(Beginning of Material provided)

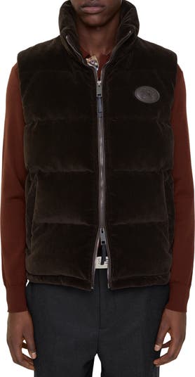 A puffer gilet made from cotton corduroy, filled with goose down and feathers. The style is lined in Burberry Check cotton in a truffle brown colourway and features an appliquéd leather Knight stamp – an archival motif first seen on Burberry bags in the 1980s. Cut to a relaxed fit with a packaway nylon hood for unpredictable weather.||Two-way zip closure|Packaway drawcord hood|Side zip pockets|Drawcord hem|Leather patch with Equestrian Knight Design at chest|Burberry Check lining|Comes with a garment bag
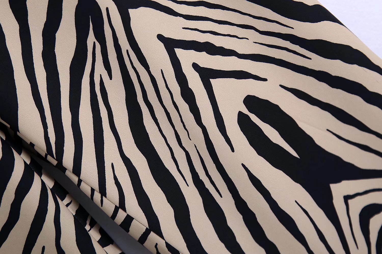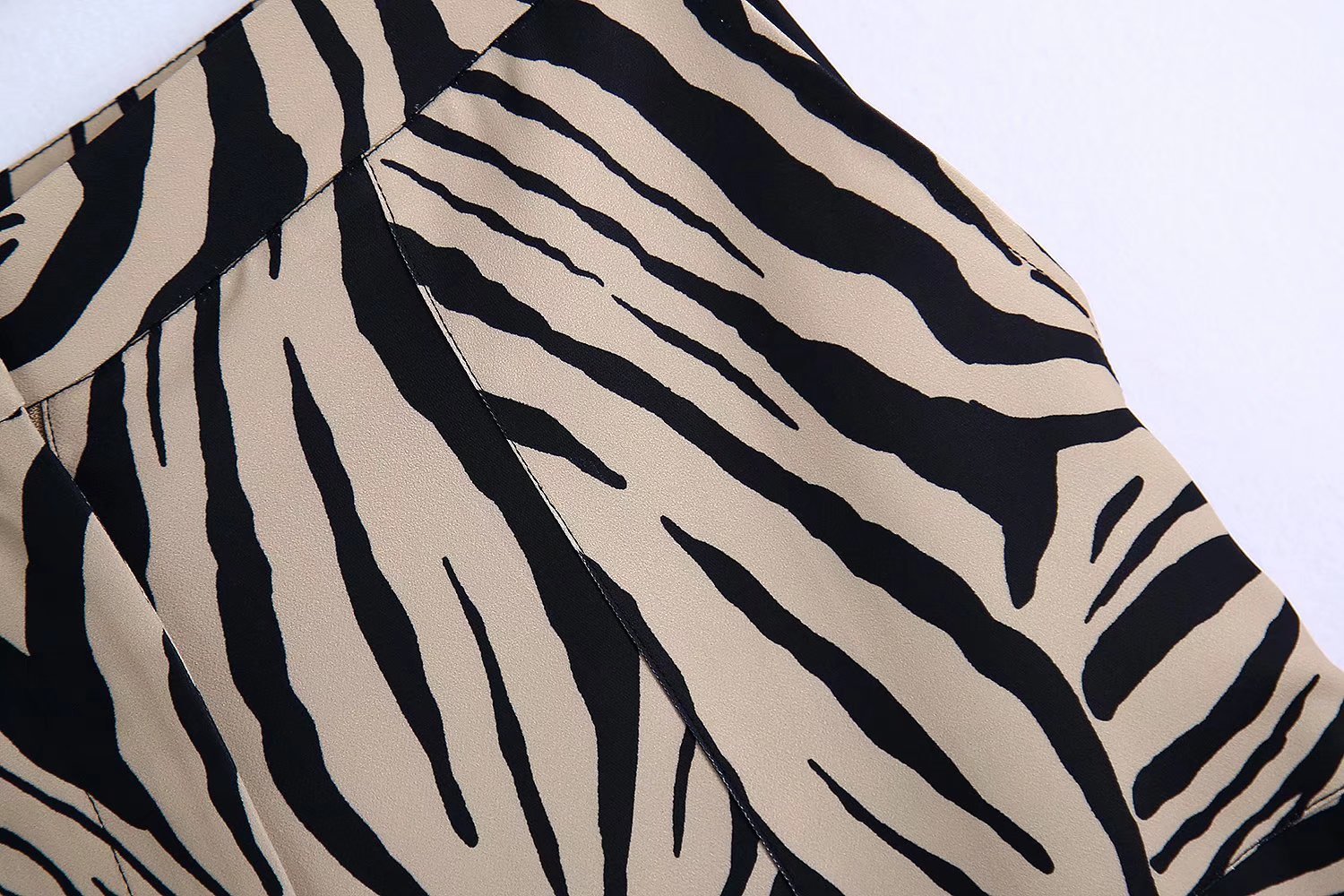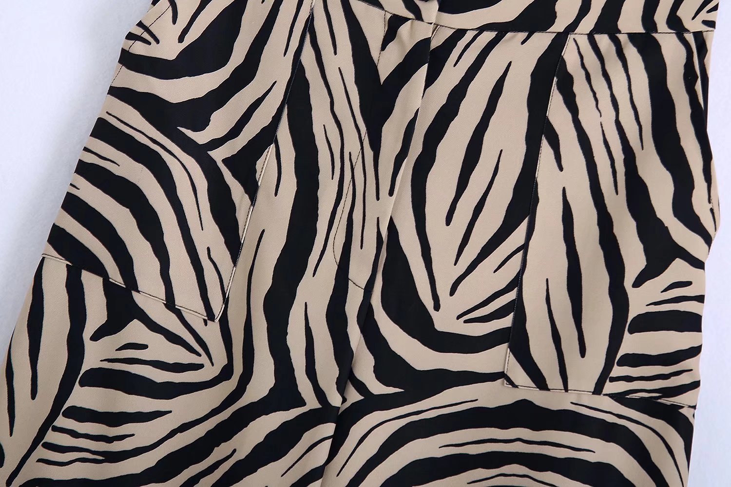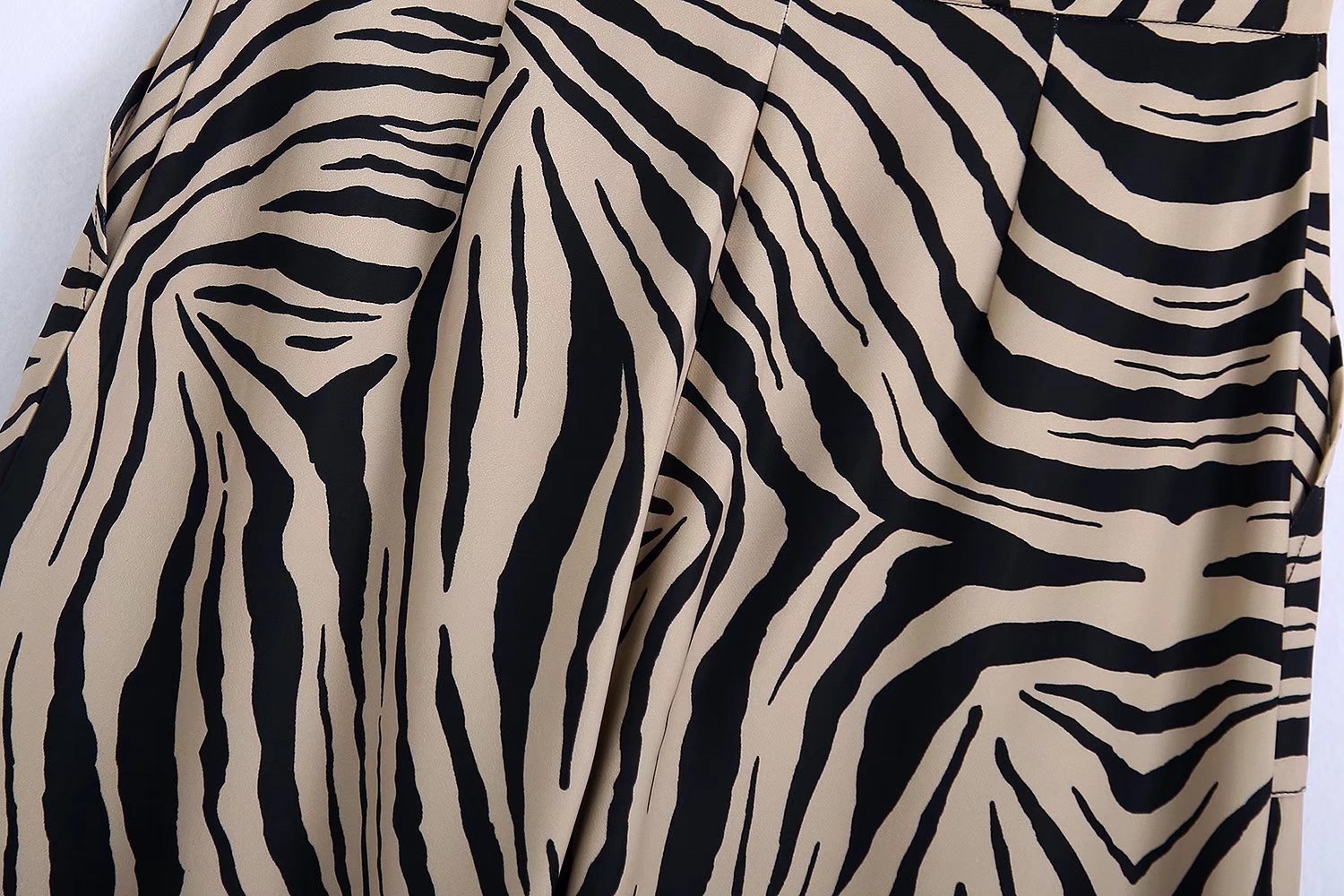 Un pantalón estilo trousers con impresión de animal print. El pantalón es a la cintura, se abrocha de botón y zipper, tiene bolsillos en los lados y su caída es holgada.
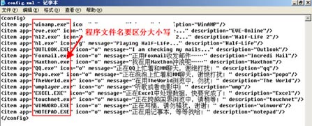 用记事本等打开安装目录下的config.xml文件,在与之间仿照以下格式可添加程序信息。例如,要添加maxthon运行的信息,则输入:
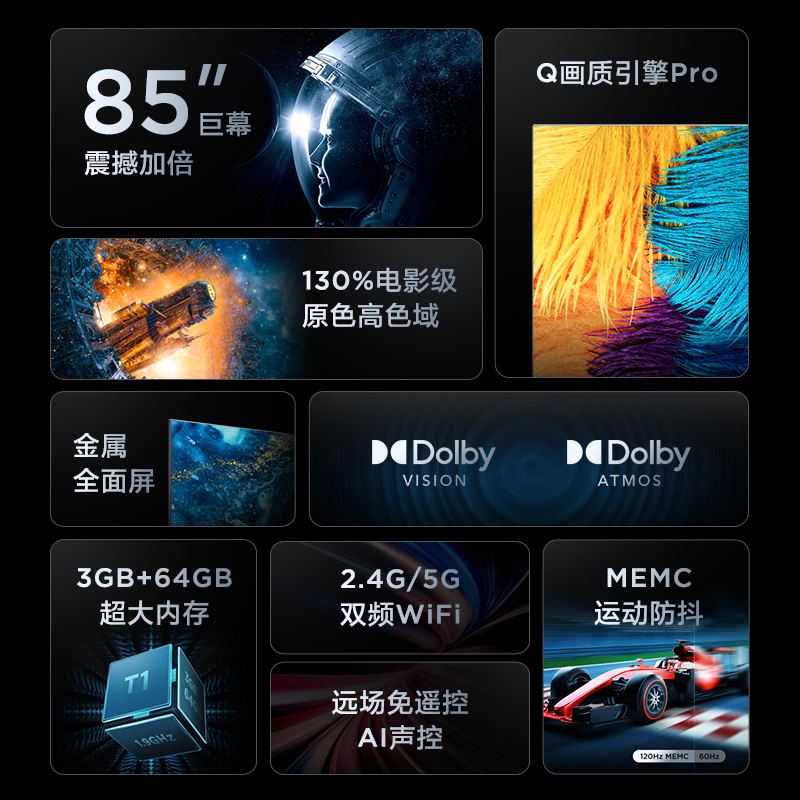 TCL电视 85V6E Pro 85英寸 130%高色域 3+64G大内存 客厅巨幕影院 MEMC防抖 NFC 京东小家液晶网络智能电视机7328件已付款抢! -
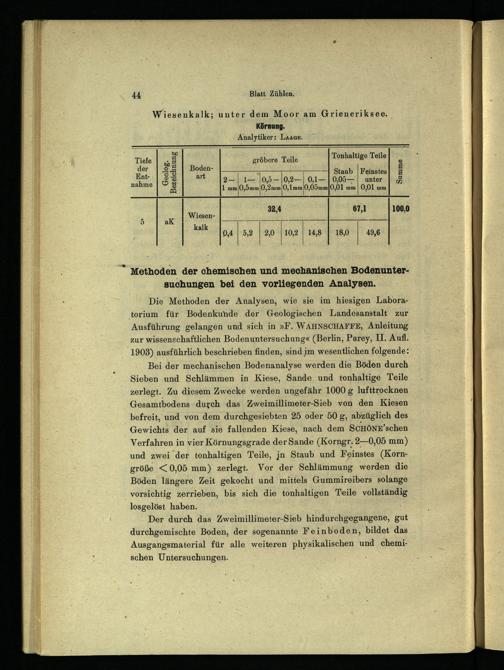 Die Methoden der Analysen, wie sie im hiesigen Laboratorium für Bodenkunde der Geologischen Landesanstalt zur Ausführung gelangen und sich in »F. WAHNSCHAFFE , Anleitung zur wissenschaftlichen Bodenuntersuchung« (Berlin , Parey, XI. Aufl. 1903) ausführlich beschrieben finden, sind im wesentlichen folgende:
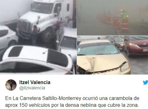Пользователи опубликовали в Сети фотографии и видеозаписи с места события, одна из участниц происшествия написала в Twitter, что «из-за густого тумана» на дороге столкнулись «примерно 150 автомобилей».
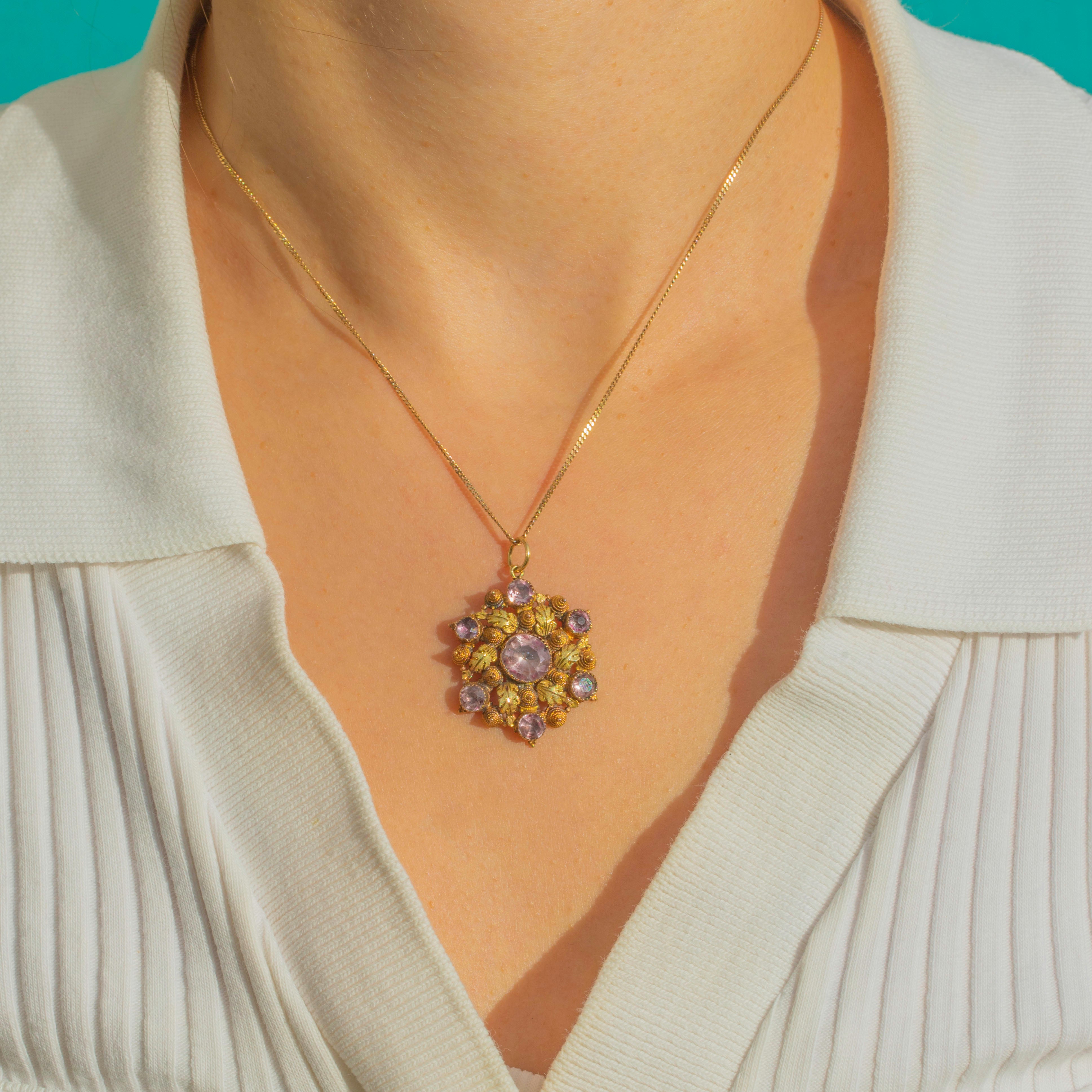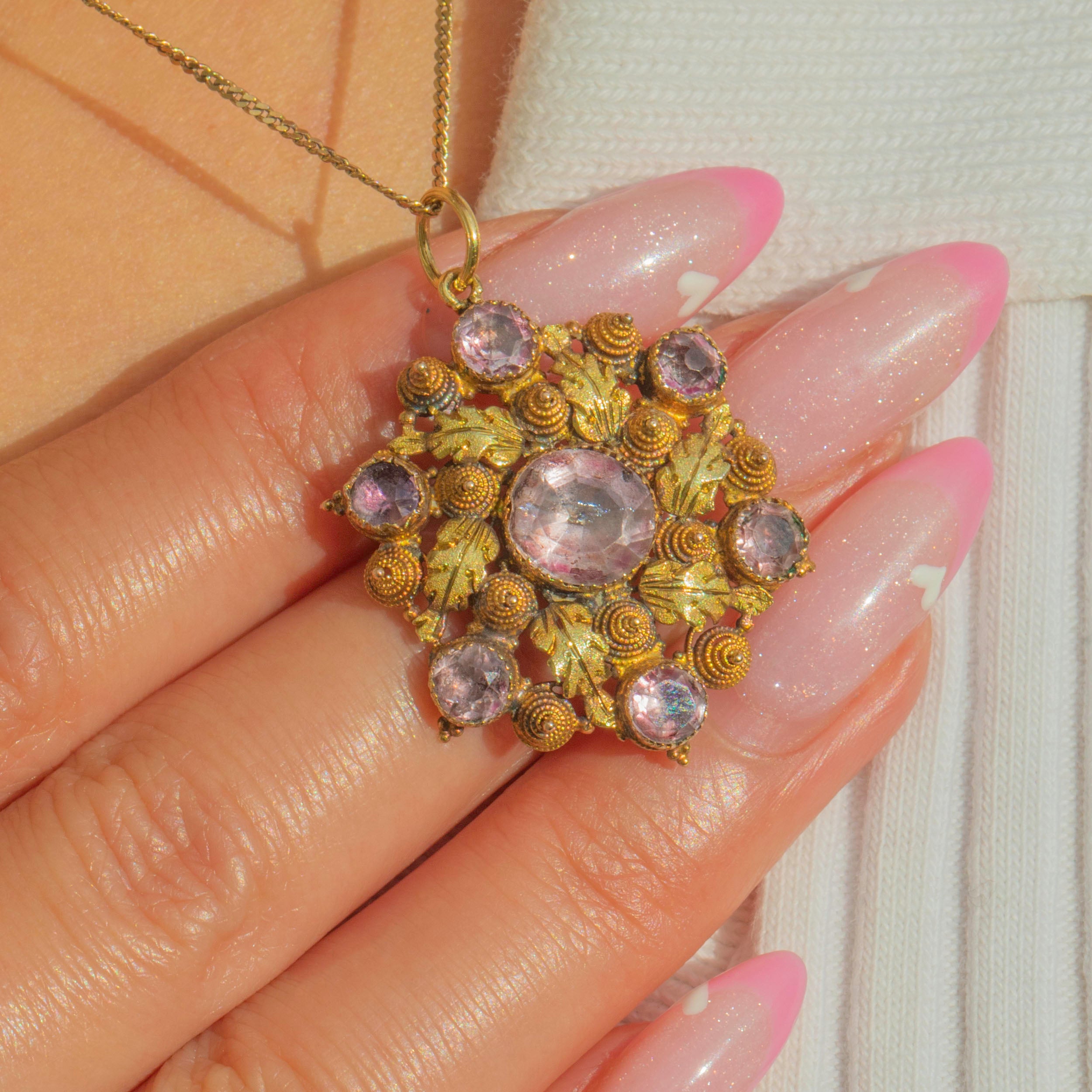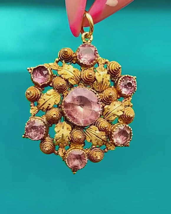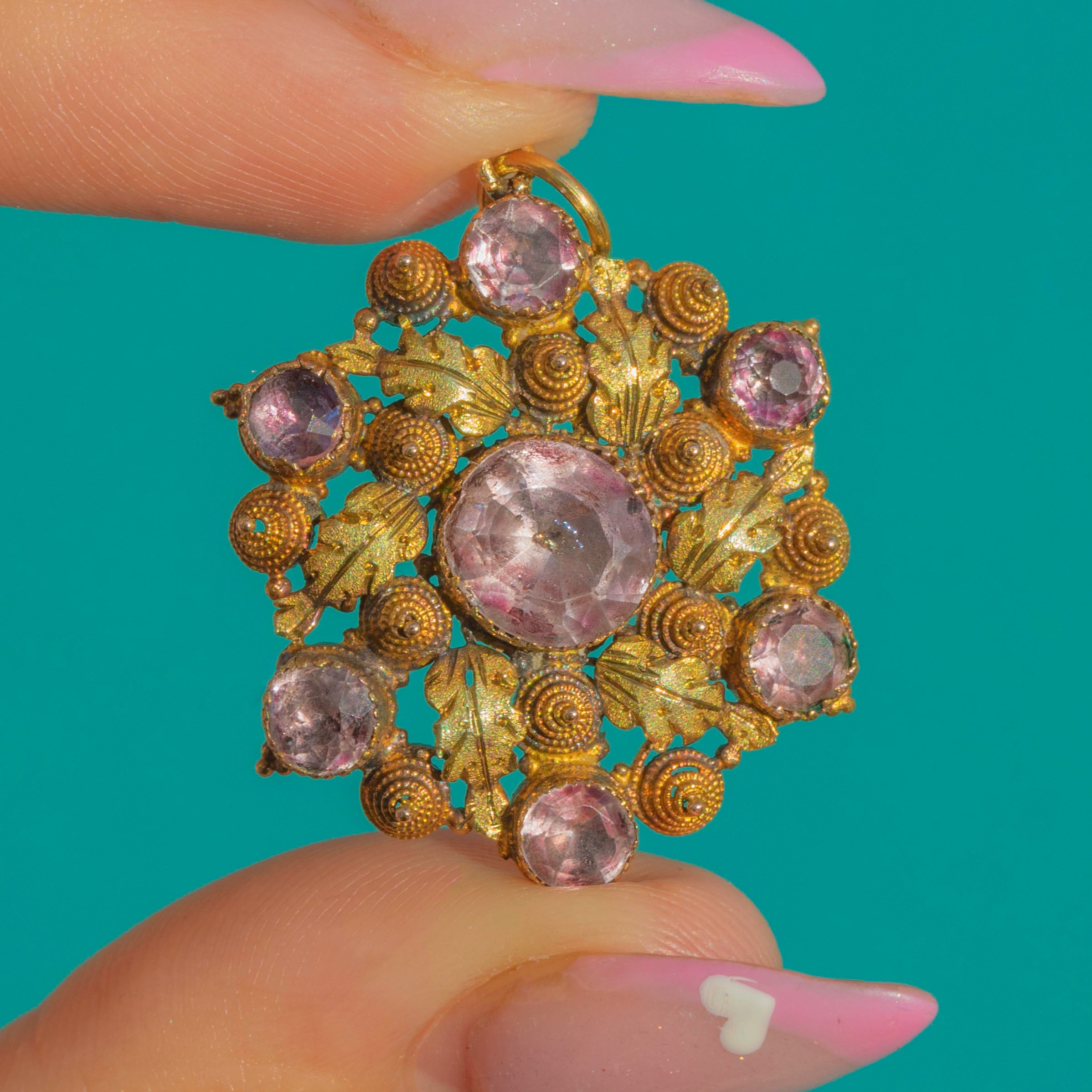 This exquisite Portuguese Georgian pendant is a remarkable example of early 19th-century craftsmanship, designed as a radiant flower set with foiled Pink Topaz gemstones. The richly coloured stones are arranged in a floral cluster, centred by a vivid 8mm Topaz surrounded by smaller 4.5mm gems, all shimmering with that soft inner glow unique to Georgian foiling.

(End of Material provided)

- **Activity**: Give the data again exactly, image-free.

- **Worked solution**:
 A puffer gilet made from cotton corduroy, filled with goose down and feathers. The style is lined in Burberry Check cotton in a truffle brown colourway and features an appliquéd leather Knight stamp – an archival motif first seen on Burberry bags in the 1980s. Cut to a relaxed fit with a packaway nylon hood for unpredictable weather.||Two-way zip closure|Packaway drawcord hood|Side zip pockets|Drawcord hem|Leather patch with Equestrian Knight Design at chest|Burberry Check lining|Comes with a garment bag
 Un pantalón estilo trousers con impresión de animal print. El pantalón es a la cintura, se abrocha de botón y zipper, tiene bolsillos en los lados y su caída es holgada.
 用记事本等打开安装目录下的config.xml文件,在与之间仿照以下格式可添加程序信息。例如,要添加maxthon运行的信息,则输入:
 TCL电视 85V6E Pro 85英寸 130%高色域 3+64G大内存 客厅巨幕影院 MEMC防抖 NFC 京东小家液晶网络智能电视机7328件已付款抢! -
 Die Methoden der Analysen, wie sie im hiesigen Laboratorium für Bodenkunde der Geologischen Landesanstalt zur Ausführung gelangen und sich in »F. WAHNSCHAFFE , Anleitung zur wissenschaftlichen Bodenuntersuchung« (Berlin , Parey, XI. Aufl. 1903) ausführlich beschrieben finden, sind im wesentlichen folgende:
Пользователи опубликовали в Сети фотографии и видеозаписи с места события, одна из участниц происшествия написала в Twitter, что «из-за густого тумана» на дороге столкнулись «примерно 150 автомобилей».
 This exquisite Portuguese Georgian pendant is a remarkable example of early 19th-century craftsmanship, designed as a radiant flower set with foiled Pink Topaz gemstones. The richly coloured stones are arranged in a floral cluster, centred by a vivid 8mm Topaz surrounded by smaller 4.5mm gems, all shimmering with that soft inner glow unique to Georgian foiling.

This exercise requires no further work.